Structured Prompting
Using consistent, templated prompt formats with clear sections for instructions and context.
Tree-of-Thought
A prompting technique where the model explores multiple reasoning branches before deciding.
User Prompt
Text input from the user within a conversation, as opposed to system context.
XML Tags Prompting
Using XML tags in prompts to structure information and guide model behavior.
Safety & Alignment
Alignment
Training models to behave in ways consistent with human values and intentions.
Bias in LLMs
Systematic prejudices in model outputs reflecting biases in training data or design.
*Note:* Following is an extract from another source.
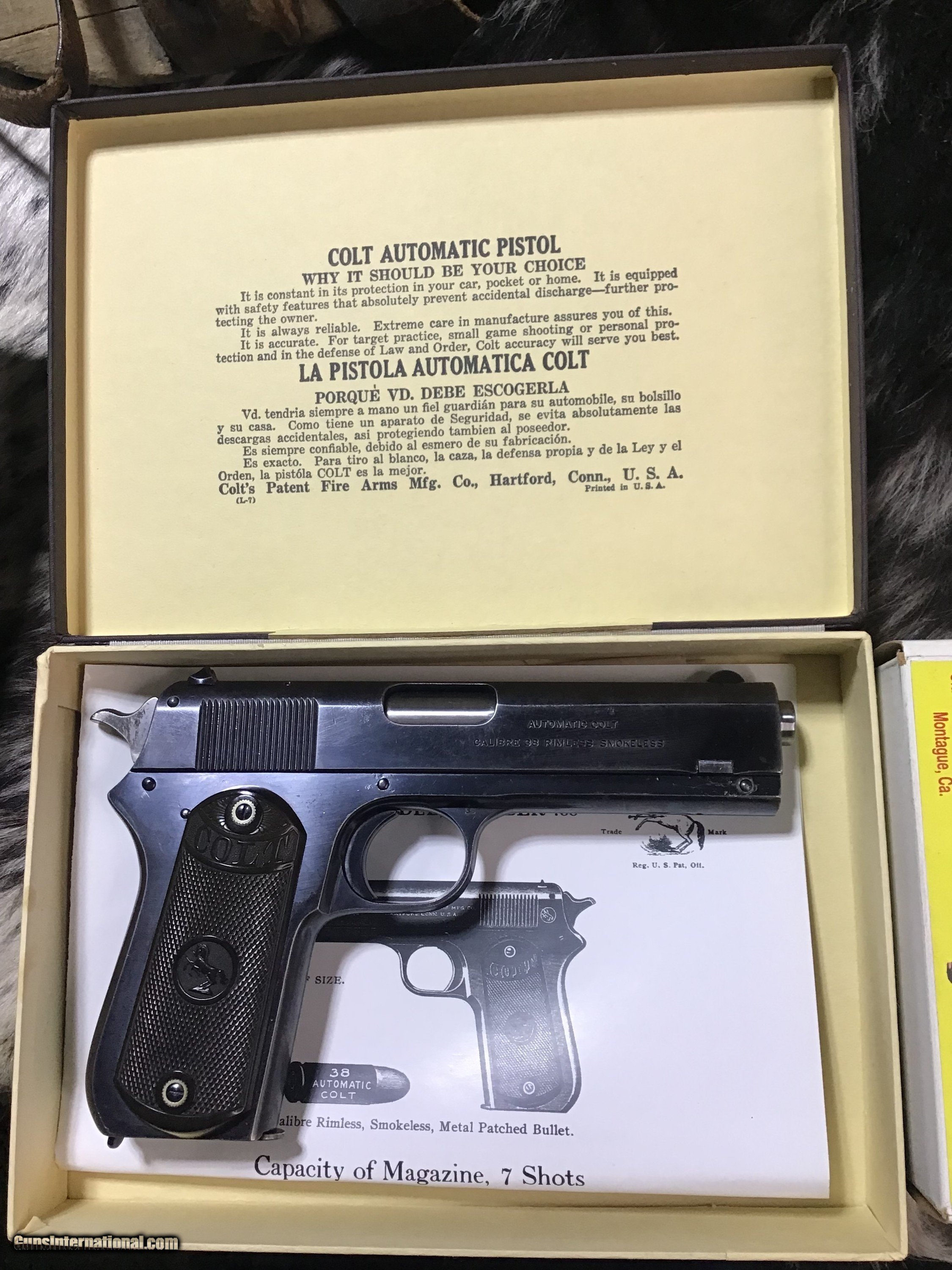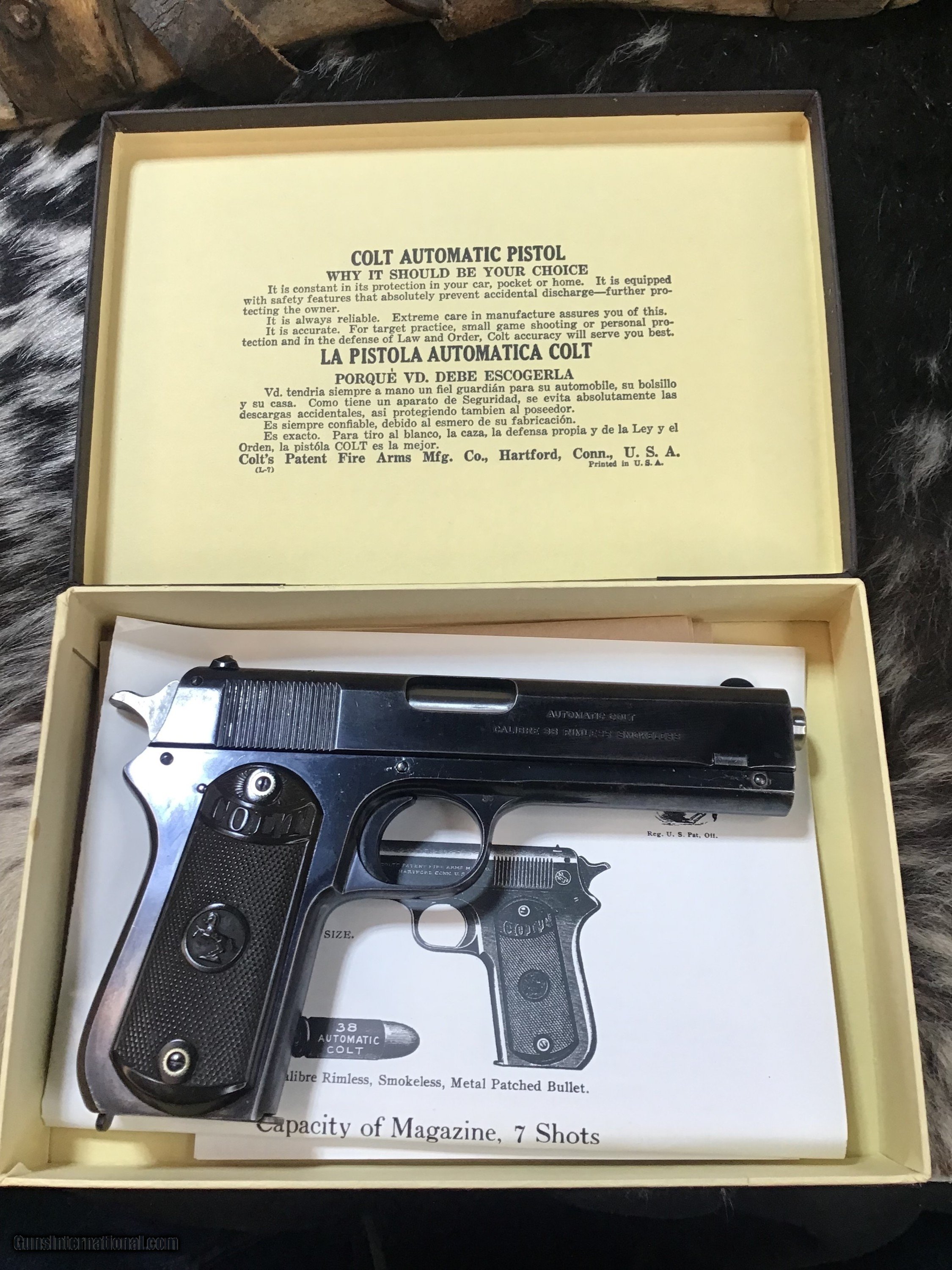 1920 Mfg. Colt 1903 Pocket Hammer Pistol .38 Auto, ExcellentCond. 4.5” Barrel, Boxed. Trades Welcome

Constitutional AI Principles
Explicit principles guiding model behavior (e.g., be helpful, harmless, honest).
Content Moderation
Evaluating and filtering model outputs or user inputs for inappropriate or harmful content.
Guardrails
Systems or rules that prevent LLMs from generating harmful, toxic, or inappropriate content.
Harmlessness
A key alignment goal: ensuring models don't cause harm through their outputs.
Helpfulness
An alignment goal: ensuring models provide useful, accurate, and appropriate responses.
Honesty
A core alignment principle: models should provide truthful information and acknowledge uncertainty.
Jailbreak
Successfully bypassing model safety mechanisms or constraints through prompting or other means.
PII Detection
Identifying and protecting personally identifiable information in text.
Prompt Injection Attack
A security attack where malicious input overrides model instructions, causing unintended behavior.
Red-Teaming
Adversarial testing to discover vulnerabilities, failure modes, and safety gaps in systems.
Refusal
When an LLM declines to respond to a request, typically for safety or ethical reasons.
Safety
Designing and training LLMs to avoid harmful outputs and handle edge cases responsibly.
Toxicity
Model outputs containing abusive, offensive, or hateful language.
Tools & Frameworks
A/B Testing LLMs
Comparing model outputs against baselines through controlled experiments to measure improvements.
AI Gateway
A gateway service providing unified access to multiple LLM providers with advanced features.
Anthropic API
Anthropic's REST API providing access to Claude models with a focus on safety and quality.
DSPy Framework
A framework for systematically optimizing LLM prompts and programs using techniques like backprop.
Haystack Framework
A framework for building retrieval-augmented generation (RAG) and search applications.
Helicone Observability
An observability platform for LLM applications providing monitoring, logging, and analytics.
Hugging Face Hub
A platform hosting open-source models, datasets, and spaces for LLM development.
LangChain Framework
A popular Python framework for building LLM applications with composable chains and agents.
Langfuse Observability
An observability platform providing tracing, logging, and analytics for LLM applications.
LiteLLM Gateway
A gateway for unified API access across multiple LLM providers with cost tracking.
LlamaIndex Framework
A data framework for indexing and querying documents with LLMs, enabling RAG applications.
LLM Proxy
A middleware service that intercepts and manages requests to LLM APIs.
LLM Router
A system that intelligently routes requests to different models based on criteria.
Model Registry
A system for cataloging, versioning, and managing deployed models.
Ollama
A tool for running large language models locally, simplifying local model deployment.
OpenAI API
OpenAI's REST API providing access to models like GPT-4 and GPT-3.5-turbo.
OpenRouter Platform
A platform providing unified API access to multiple LLM providers and open-source models.
Prompt Management
Tools and systems for organizing, versioning, and tracking prompts used in applications.
Semantic Kernel Framework
Microsoft's framework for orchestrating LLM plugins and functions in .NET applications.
Shadow Mode Testing
Running new models in parallel with production without affecting user experience to validate improvements.